James Lawton: The old Tiger is dead - the new feels alive

The days when he could carouse, gamble and still play better than anyone are over

At least one thing was clear here yesterday when Tiger Woods finally went both solo and unscripted.

It was that nothing will ever be the same again, not for him, not for us. He will expect more of himself – and we will expect less because something else was apparent as Woods prepared to play his first golf tournament since his world fell in.

He spoke eloquently about his situation at times. But what he couldn't do, and didn't seek to do, was attempt to cover up something that was more evident the longer he spoke.

This was not some skilful manipulator of the mass media. This was a wounded man.

The Tiger, in words and even more eloquently in body language, conceded that the days when he believed he could do it all – carouse and gamble and conduct any number of secret lives, and still play golf perhaps better than anyone who ever lived – are over.

He has been through too much pain and self-examination, he also acknowledged, to make such a game and life plan ever work again.

For the rest of us, it is a more routine loss of an old certainty. Another sports superstar has shown that he also shares our planet – and some of our periodic despair.

Woods, at a mere 34, may well put his game together sufficiently well to ease his way past the all-time mark of 18 majors sealed by Jack Nicklaus at the age of 46, when he won his sixth US Masters here.

Tiger should be able to achieve such a target with the residue of the talent – and the confidence – left to him after five months of excruciating exposure as a serial philanderer who had plainly lost control of his life. But even he admits that it will be a different performer, one far less inclined to believe that nothing, no glory, no outrage, is beyond him.

So the world just has to accept that it has a new Tiger Woods now. You could see the difference the moment he walked into the room yesterday where he faced his first interrogation, much of it conducted by golf writers he has known since he first invaded this place as a young player of perhaps unprecedented potential.

But if wasn't exactly a reconvening of the Star Chamber, or the Spanish Inquisition, if there were glossy magazine journalists tearing out their hair beyond the gates of Augusta National because they didn't get the chance to ask what Woods said and did to a collection of porn stars, waitresses and club hostesses rep-orted to number at least a dozen, he was again obliged to accept that he had come close to destroying his life.

He had lost weight since he appeared, strained and with some puffiness of the face, in Florida in February to make his first public confession of wrongdoing. But if he looked fitter, he also carried a certain dullness, of the eyes and perhaps the spirit, and he accepted that if his behaviour had to improve on the course as well as off it, there was likely to be less exuberance of those moments of success which so regularly have him punching the air.

Perhaps he came nearest to such fervour yesterday when he talked about the feelings he will carry to the first tee when the tournament starts on Thursday. He says the short walk from the clubhouse, past the old oak tree and the terrace where cocktails are served on the sunnier afternoons, is likely to reawaken some of his pas-sion for the game he came to dominate so quickly and so profoundly.

"That first tee, I'm looking forward to it," he said. "I haven't looked forward to that tee shot in a long time, not like this.

"It feels fun again.
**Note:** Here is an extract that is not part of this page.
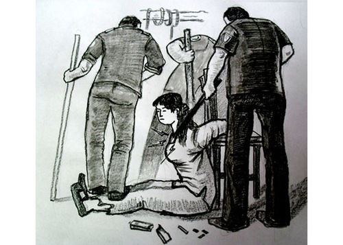 Le guardie ammanettano le praticanti dietro la schiena e percuotono loro al collo, alle ascelle e alle tempie con manganelli elettrici per diverse ore, finché le batterie non si esauriscono.
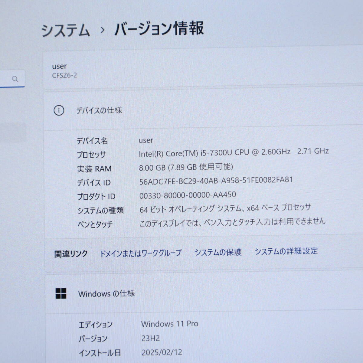 ★完動品 高性能7世代i5!SSD256GB メモリ8GB★CF-SZ6 Core i5-7300U Webカメラ Win11 MS Office2019 H&B ノートパソコン★P92058

You know that's something that has been missing. Have I been winning, have I been competing, have I been doing well [before the scandal broke in November]? Yeah, I have. I've won numerous times the last few years but I wasn't having anywhere near the amount of fun.

"Why? Because look at what I was engaged in. When you live a life where you're lying all the time, life is not fun. And that's where I was. Now that's all been stripped away and here I am."
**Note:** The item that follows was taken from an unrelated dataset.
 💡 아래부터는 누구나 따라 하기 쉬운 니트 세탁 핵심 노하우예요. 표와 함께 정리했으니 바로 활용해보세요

Here he was doing something he has been obliged to do ever since he drove his car into a fire hydrant outside his Florida home while the rest of America was sleeping off Thanksgiving Day celebrations last November. Mostly he did it with a consistent understanding that he was the sole author of his story of disintegration and if he varied from this it was only briefly, insignificantly.

He complained of the harassment inflicted by the paparazzi on his wife, Elin, and their young children – and he also said how painful it was to spend his son Charlie's first birthday away in a Mississippi addiction clinic. "That hurt a lot," he said, but this is not a man who appears to be playing for the sympathy vote.

If he criticised the paparazzi, it was with nothing like the weight of censure he applied to his own behaviour.

"All I know," he said, "is I acted just terribly poorly, made incredibly bad decisions, and decisions that have hurt so many people close to me.

"I fooled myself as well. I lied to a lot of people, deceived a lot of people, kept others in the dark, rationalised – and even lied to myself. And when I stripped it all down and started realising what I had done, the full magnitude of it, well, it's pretty brutal.

"I take full responsibility for what I've done and I don't take that lightly."

How could he as the search for fresh details of his life in the sexual underworld seems to gain new energy each day? "I know I need to be a better man," he said. "And just because I've gone through treatment it doesn't mean it stops. I'm trying as hard as I possibly can to get my life better and better and if I win championships along the way, so be it."

Titles no longer defined him, he insisted, and nor would the success or failure of his pursuit of Nicklaus. "I have different goals now, and I have to have them."

The old Tiger wouldn't haven't said that... But then the old Tiger is dead, for the moment at least.